Dublin Abolishes Daily Disclosure Rules For Active ETFs

November 27, 2014


The Irish Stock Exchange (ISE) has announced that it has got rid of the need for the daily disclosure of portfolio details on actively managed exchange traded funds (ETFs), which experts say could raise transparency issues.

The removal of the need to publish these details, which came into effect on 18th November, will mean that the ISE is now in line with the requirements of other EU exchanges.  The ISE is used as a primary listing venue for many ETF issuers, and the facility to publish the portfolio disclosures will remain available to all ISE listed ETF issuers.

However, the move has bought into question whether this raises the risk of the products becoming less transparent.

“This does raise the question as to transparency and that exchanges will need to be mindful that the regulators are likely to impose further transparency requirements than less over the coming months,” said Monica Gogna, partner at law firm Ropes & Gray.

Currently the London Stock Exchange requires the same levels of disclosure for both active ETFs and passive ETFs, which consists of the daily net asset value (NAV) and the outstanding number of shares.

Despite this, there is no requirement under European Union legislation, The Undertakings for Collective Investment in Transferable Securities, for an ETF to disclose its actual holdings in Europe (although there are other requirements).

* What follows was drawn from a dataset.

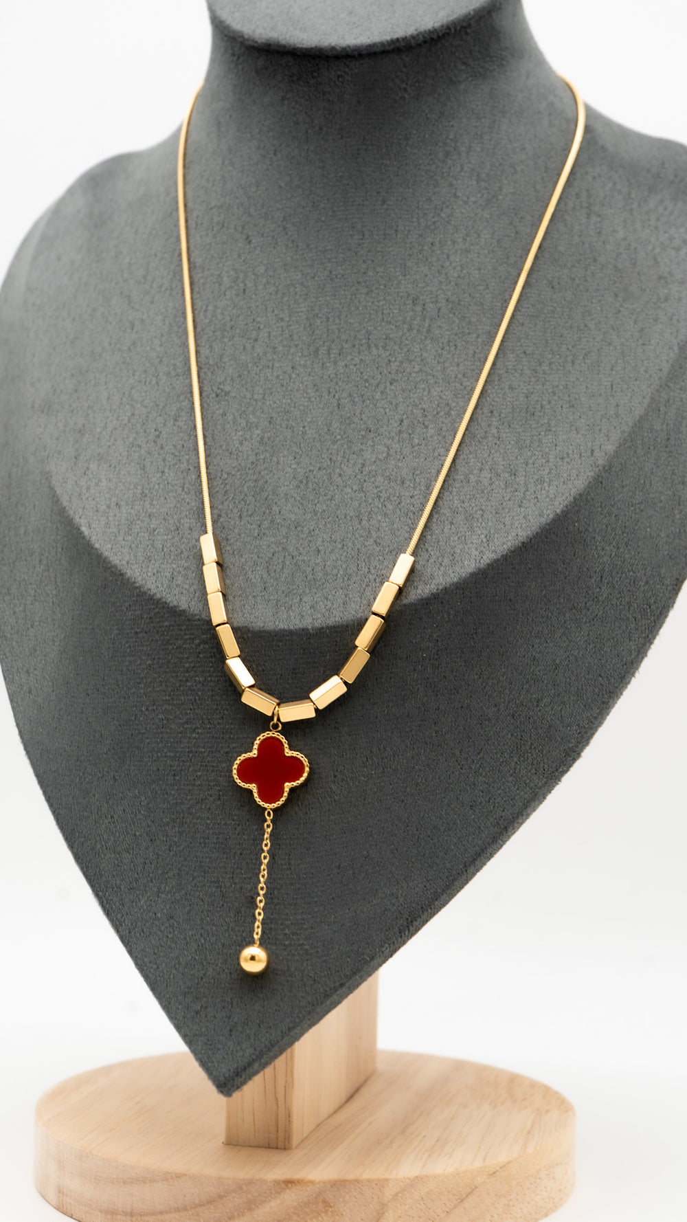 Versatile and eye-catching, the Crimson Flip Necklace features a bold red clover charm on one side and a sleek black on the other — giving you two looks in one. Accented with modern gold block links and a delicate drop chain, this piece blends elegance with playfulness. Whether you're feeling fiery or classic, flip it to match your vibe. Anti-tarnish, hypoallergenic, and crafted with premium gold plating for everyday luxe.

Active ETFs must disclose that they are actively managed.

Active ETFs can be listed on the London Stock Exchange and elsewhere by listing in Dublin. This is done via posting it daily and the fund is then passported onto the LSE subject to it being approved as UCITS and signed off by the FCA.

This is likely to open up the European market for active ETFs.

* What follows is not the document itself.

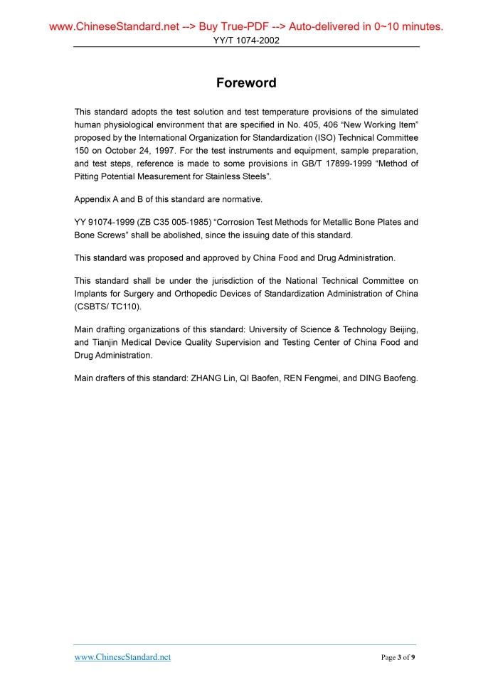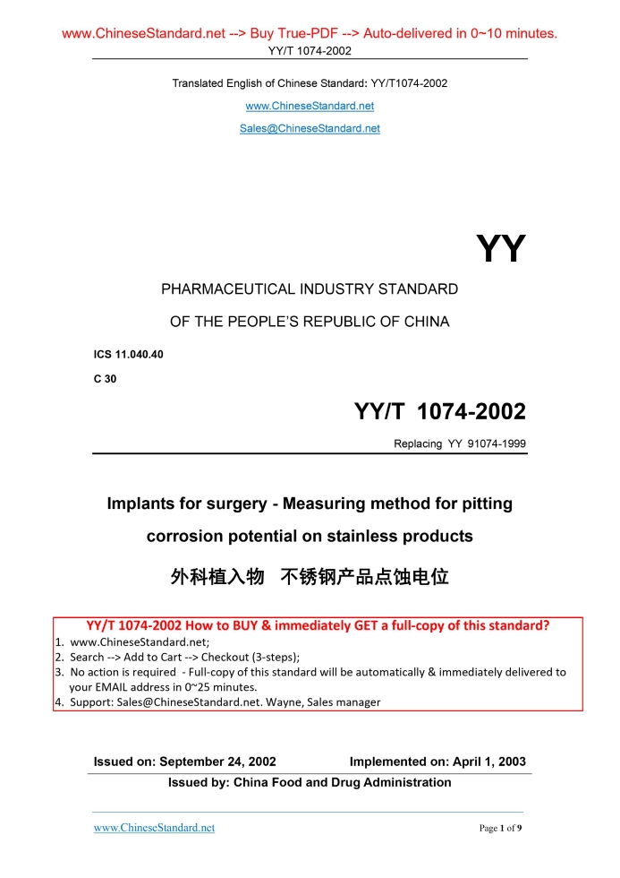 YY/T 1074-2002: Implants for surgery - Measuring method for pitting corrosion potential on stainless products Delivery: 9 seconds. True-PDF full-copy in English & invoice will be downloaded + auto-delivered via email. See step-by-step procedure Status: Valid YY/T 1074: Historical versions

Peter Sleep, senior portfolio manager at investment manager 7IM, said: “This makes the potential for active European ETFs very good and there are already some in existence.”

Source Pimco, Source Ashmore and Source GLG are just a few such ETFs.

This is in stark contrast to the U.S. where the route to active ETFs is more or less blocked unless the holdings are disclosed. For active ETF managers this is a problem as they do not want to disclose their holdings.

Sleep, said: “This is OK for active bond ETF managers like Pimco, but kryptonite for active ETF managers like Blackrock who do not want to disclose their holdings.”

According to data from research house ETFGI, there are currently 188 active ETFs worth $27 billion in assets, globally.